Phase 5 (Month 5-6): Full regression testing across all 5 languages. PHIPA compliance audit. Production cutover.

Keep Vapi v3.0 running in parallel throughout this period as your production fallback.

The "Wild Card" Option: Gemini 2.5 Flash Native Audio

Google's Gemini 2.5 Flash with native audio processing is a potential game-changer that could eventually collapse the entire STT-LLM-TTS pipeline into a single model: - Processes speech natively (no STT step) - 71.5% on ComplexFuncBench Audio (leading) - 90% instruction adherence - Supports 70+ languages with mid-conversation switching - Speech-to-speech translation built in

However, it is NOT recommended as primary architecture today because: - You lose per-language STT/TTS optimization (no Sarvam for Punjabi, no Qwen3-TTS for Cantonese) - Canadian data residency is difficult with Google's API - Medical domain vocabulary cannot be customized (unlike Deepgram Nova-3 Medical keyterm prompting) - Still in active development; behavior may change

Monitor this closely. In 12-18 months, a hybrid approach using Gemini Native Audio for common languages and specialized providers for underserved languages may be optimal.
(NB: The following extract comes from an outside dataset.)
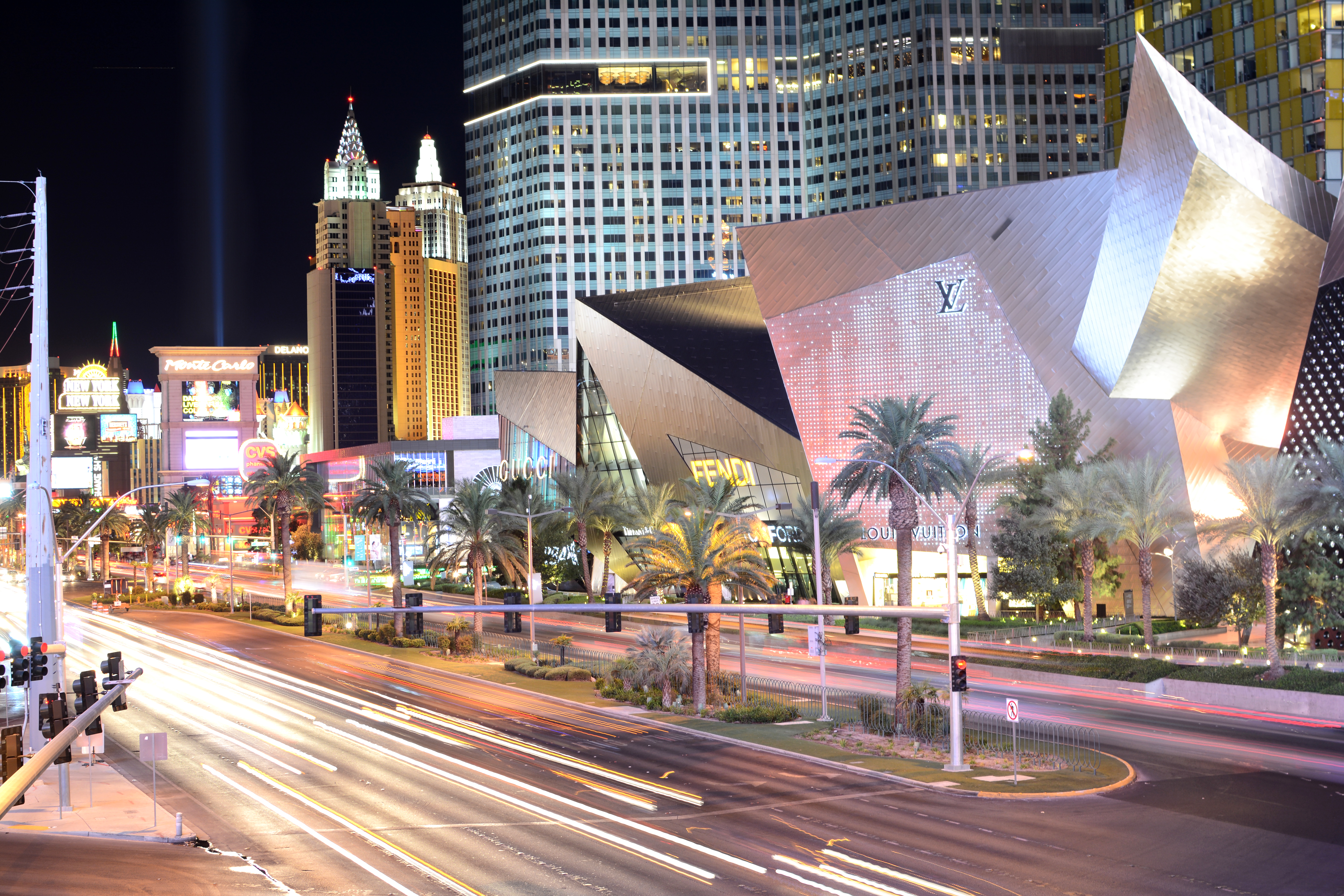 Las Vegas, United States

Estimated Per-Language Latency (Self-Hosted Stack)

Component Latency Cumulative
VAD + End-of-turn ~200-400ms 200-400ms
STT (Deepgram streaming) ~150-300ms 350-700ms
LLM (GPT-4o-mini TTFT) ~200-400ms 550-1100ms
TTS (Qwen3-TTS/ElevenLabs TTFA) ~75-100ms 625-1200ms
Total response time 625ms-1.2s

This is competitive with human conversation response times (300-500ms for listening + 300-500ms for formulation) and significantly better than Vapi's typical 1.5-2.5s response times.

Cost Comparison (at 50K minutes/month)

Stack Monthly Cost
Vapi v3.0 (current) ~$5,000-6,500 (platform + providers)
Self-hosted LiveKit + best-in-class providers ~$1,500-2,500 (infra + provider APIs)
Self-hosted LiveKit + self-hosted models (Qwen3-TTS, Whisper) ~$800-1,500 (GPU infra + minimal APIs)
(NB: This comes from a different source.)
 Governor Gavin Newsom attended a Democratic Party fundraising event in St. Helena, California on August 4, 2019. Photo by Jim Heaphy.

Final Architecture Diagram

ORCHESTRATOR:  LiveKit Agents (self-hosted, Canadian region)
               OR Pipecat (if you prefer Python-first)

TRANSPORT:     LiveKit Server (self-hosted, WebRTC)
               + Twilio/Telnyx for PSTN telephony

LANGUAGE       AssemblyAI Universal (initial detection)
DETECTION:     then route to language-specific pipeline

         +-----------+--------------+-------------------+----------------+-----------+
         | ENGLISH   | MANDARIN     | CANTONESE         | PUNJABI        | FRENCH-CA |
STT:     | Deepgram  | Deepgram     | Google Chirp 3    | Sarvam AI      | Deepgram  |
         | Nova-3    | Nova-3 (zh)  | (yue-Hant-HK)    | Saaras v3      | Nova-3    |
         | Medical   |              |                   |                | (fr-CA)   |
         |           |              |                   |                |           |
LLM:     | GPT-4o    | GPT-4o       | GPT-4o            | GPT-4o         | GPT-4o-   |
         | mini      |              |                   |                | mini      |
         |           |              |                   |                |           |
TTS:     | ElevenLabs| Qwen3-TTS    | Qwen3-TTS         | Sarvam AI      | Azure     |
         | v3 or     | (self-hosted)| (self-hosted,      | Bulbul v3      | fr-CA-    |
         | Cartesia  |              |  Cantonese dialect)|                | Sylvie HD |
         +-----------+--------------+-------------------+----------------+-----------+

INFRA:   AWS ca-central-1 (or Azure Canada Central)
         GPU instances for Qwen3-TTS self-hosting
         All PHI stays in Canada

This stack gives you the highest accuracy per language, lowest latency, maximum control, Canadian data residency, and 60-80% cost reduction versus Vapi at scale.